Print the whole listing below exactly, skipping every picture.
── Data for this exercise ──
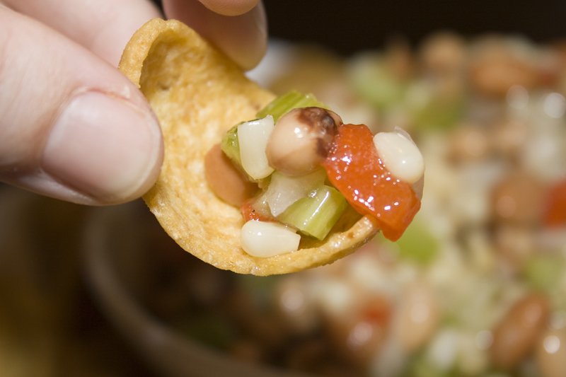 Is there someone in your life who seems perpetually stuck at a certain age? Until recently, I’ve always thought of my baby sister as the age she was when I left home. In my mind she just kind of stopped growing up. Probably because I didn’t see her every day, I got involved in my own life etcetera. Lately however, I’ve realized what an incredibly grown up, level-headed and mature woman she is. She impresses me beyond words. I’m blown away by her strength and integrity. She’s just awesome. A small part of her overall accomplishments in life is the fact that she’s become a wonderful cook. She makes delicious things and hosts great parties. One of the items I always look forward eating at her soirées is this cowboy salsa. I recently requested the recipe from her so I could indulge in it at home as well. It’s packed with delicious veggies, a little kick and tremendously addictive flavor. Oh, and it’s served with Fritos – who doesn’t love those?
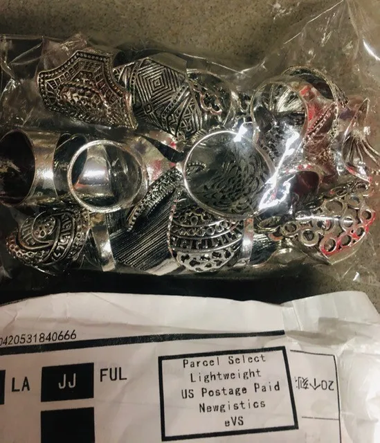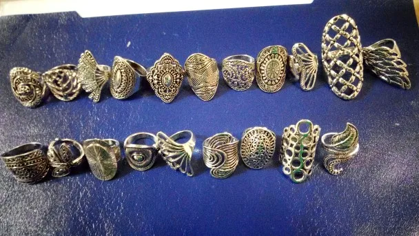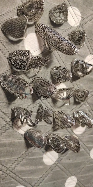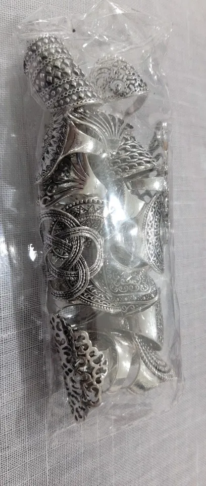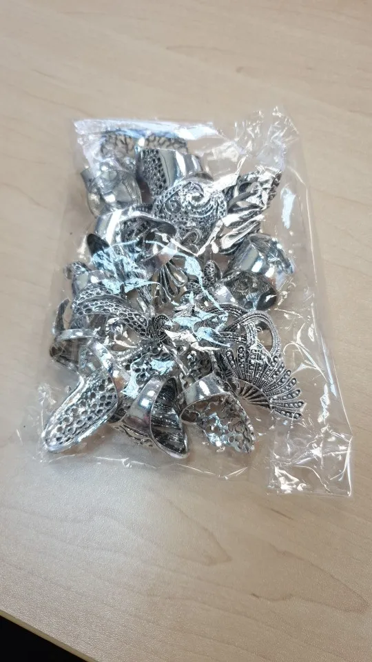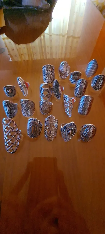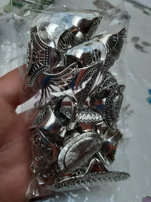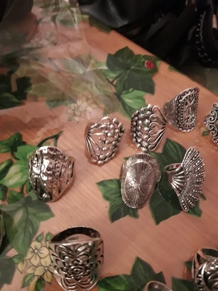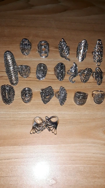 кольца классные 20 штук, размеры разные , много больших, не повторяются. так как предпологается носить на разные пальцы, все размеры подошли. Продавец отправил очень быстро, доставка в Пятерочку.
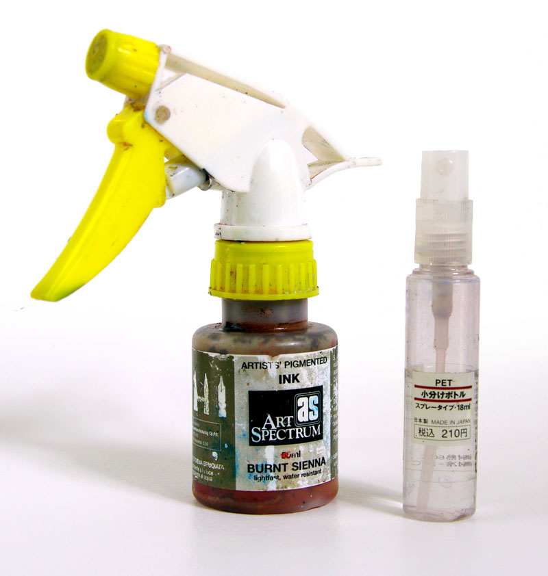 Small atomizer type sprays are best for traveling. If you can’t find one of these, cut down the tube on a normal spray bottle to screw onto a smaller container. This one is screwed on to an old ink bottle.
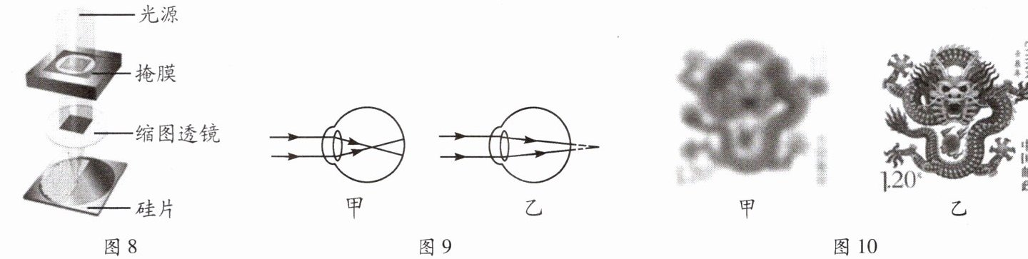 12.2023年2月哈工大宣布突破EUV光刻机关键技术,光刻技术是利用缩图透镜将绘制在掩膜上的电路图通过光源投射到涂有光刻胶的硅片上,从而制造出集成电路的方法,其工作原理如图8所示。若图中掩膜上的电路图在硅片上成清晰缩小的像,下列说法正确的是(
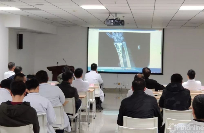 创伤骨科每周一至周早五早上7:30都会进行前一天手术的大交班,主管医生汇报病例,有专人播放患者术前与术后的影像资料,各个创伤科室主任分别从患者受伤机制,骨折AO分型,以及术后影像是否理想等方面轮流进行主持点评。
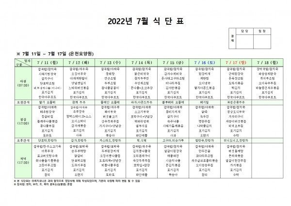 7월 둘째주 식단표 페이지 정보 작성자 은천노인복지회 작성일22-07-07 17:19 조회101,970회 댓글0건 관련링크 이전글 다음글 목록 답변 본문 . 이전글 다음글 목록 답변
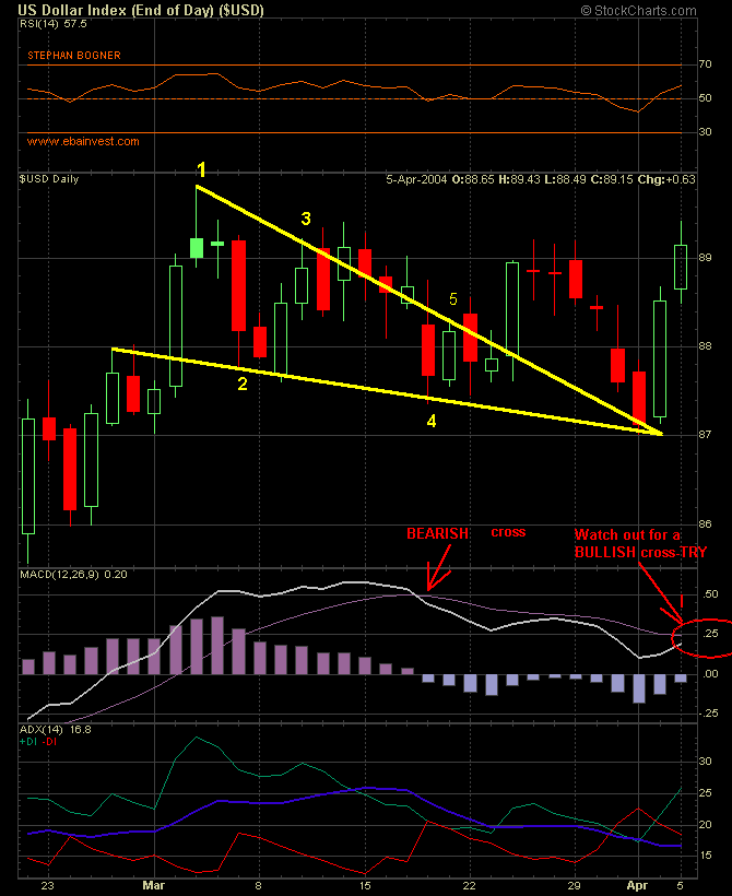 da der Dollar bereits imstande ist aus dem kleinen Dreieck nach oben zu thrusten. Doch bei aller Liebe zu 3ecken und Thrusts nach oben (und dies sieht in der Tat nach einem "sauberen" Breakout+Thrust aus!) habe ich so Zweifel derzeit beim aktuellen Thrust des USD.
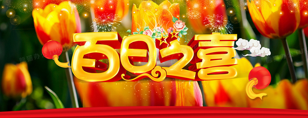 本作品内容为百日之喜, 格式为 psd, 图片尺寸为1920 x 739, 作品中背景图片无需修改, 源文件无水印,可以直接使用, 欢迎使用熊猫办公。 如认为平台内容涉嫌侵权,可通过邮件:tousu@tukuppt.com提出书面通知,我们将及时处理。
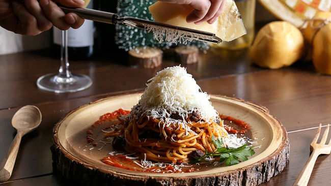 肉の旨味が凝縮された自慢のボロネーゼの上にイタリア伝統のハードチーズ「ベラ・ロディ」をこれでもかというほどかけ続けます。ゴツゴツしたボロネーゼ山の岩肌を覆うふわふわの粉雪チーズの絶景は必見です。
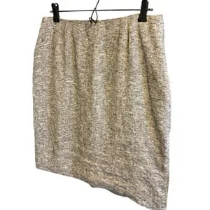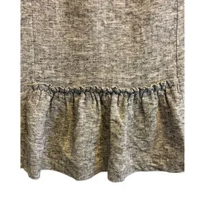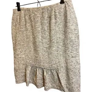 Canadian Designer Muriel Dombret Linen Skirt, Size 10, Textured Neutral Minimalist Ruffle Detail
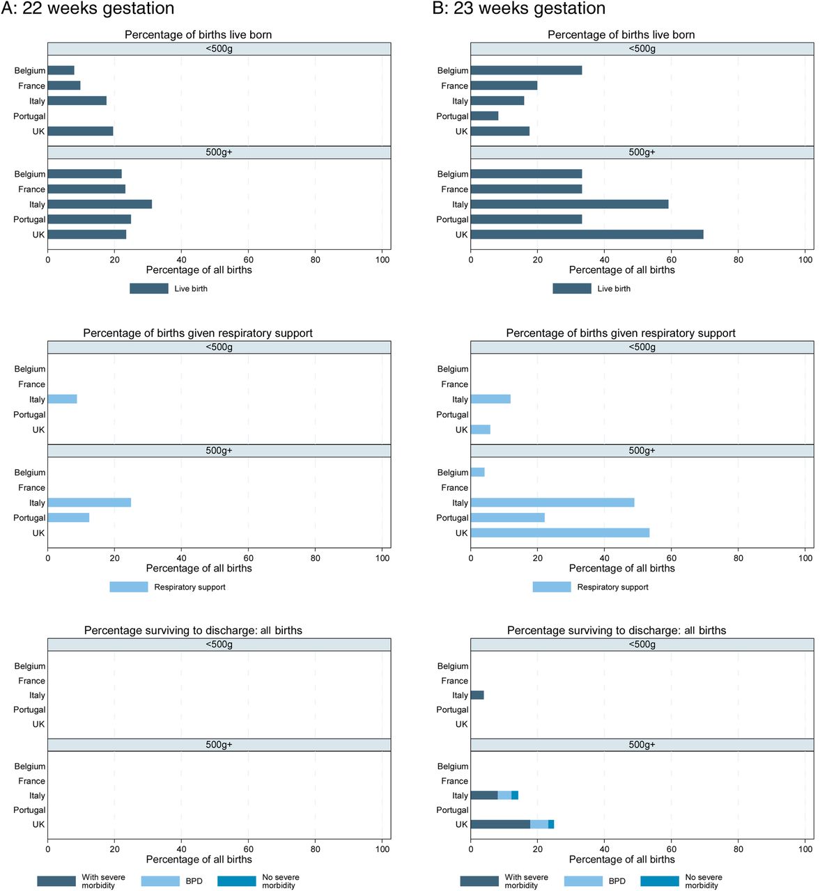 At 23 weeks and over 500 grams there were no babies receiving intensive care in the French regions, 1 in the Belgian region, 1 in the Portuguese region, 24 in the Italian cohort and 30 in the UK. The only survivors were in Italy and the UK with 7 and 14 survivors respectively.
───
_Result of the exercise_.
 Is there someone in your life who seems perpetually stuck at a certain age? Until recently, I’ve always thought of my baby sister as the age she was when I left home. In my mind she just kind of stopped growing up. Probably because I didn’t see her every day, I got involved in my own life etcetera. Lately however, I’ve realized what an incredibly grown up, level-headed and mature woman she is. She impresses me beyond words. I’m blown away by her strength and integrity. She’s just awesome. A small part of her overall accomplishments in life is the fact that she’s become a wonderful cook. She makes delicious things and hosts great parties. One of the items I always look forward eating at her soirées is this cowboy salsa. I recently requested the recipe from her so I could indulge in it at home as well. It’s packed with delicious veggies, a little kick and tremendously addictive flavor. Oh, and it’s served with Fritos – who doesn’t love those?
 кольца классные 20 штук, размеры разные , много больших, не повторяются. так как предпологается носить на разные пальцы, все размеры подошли. Продавец отправил очень быстро, доставка в Пятерочку.
 Small atomizer type sprays are best for traveling. If you can’t find one of these, cut down the tube on a normal spray bottle to screw onto a smaller container. This one is screwed on to an old ink bottle.
 12.2023年2月哈工大宣布突破EUV光刻机关键技术,光刻技术是利用缩图透镜将绘制在掩膜上的电路图通过光源投射到涂有光刻胶的硅片上,从而制造出集成电路的方法,其工作原理如图8所示。若图中掩膜上的电路图在硅片上成清晰缩小的像,下列说法正确的是(
 创伤骨科每周一至周早五早上7:30都会进行前一天手术的大交班,主管医生汇报病例,有专人播放患者术前与术后的影像资料,各个创伤科室主任分别从患者受伤机制,骨折AO分型,以及术后影像是否理想等方面轮流进行主持点评。
 7월 둘째주 식단표 페이지 정보 작성자 은천노인복지회 작성일22-07-07 17:19 조회101,970회 댓글0건 관련링크 이전글 다음글 목록 답변 본문 . 이전글 다음글 목록 답변
 da der Dollar bereits imstande ist aus dem kleinen Dreieck nach oben zu thrusten. Doch bei aller Liebe zu 3ecken und Thrusts nach oben (und dies sieht in der Tat nach einem "sauberen" Breakout+Thrust aus!) habe ich so Zweifel derzeit beim aktuellen Thrust des USD.
 本作品内容为百日之喜, 格式为 psd, 图片尺寸为1920 x 739, 作品中背景图片无需修改, 源文件无水印,可以直接使用, 欢迎使用熊猫办公。 如认为平台内容涉嫌侵权,可通过邮件:tousu@tukuppt.com提出书面通知,我们将及时处理。
 肉の旨味が凝縮された自慢のボロネーゼの上にイタリア伝統のハードチーズ「ベラ・ロディ」をこれでもかというほどかけ続けます。ゴツゴツしたボロネーゼ山の岩肌を覆うふわふわの粉雪チーズの絶景は必見です。
 Canadian Designer Muriel Dombret Linen Skirt, Size 10, Textured Neutral Minimalist Ruffle Detail
 At 23 weeks and over 500 grams there were no babies receiving intensive care in the French regions, 1 in the Belgian region, 1 in the Portuguese region, 24 in the Italian cohort and 30 in the UK. The only survivors were in Italy and the UK with 7 and 14 survivors respectively.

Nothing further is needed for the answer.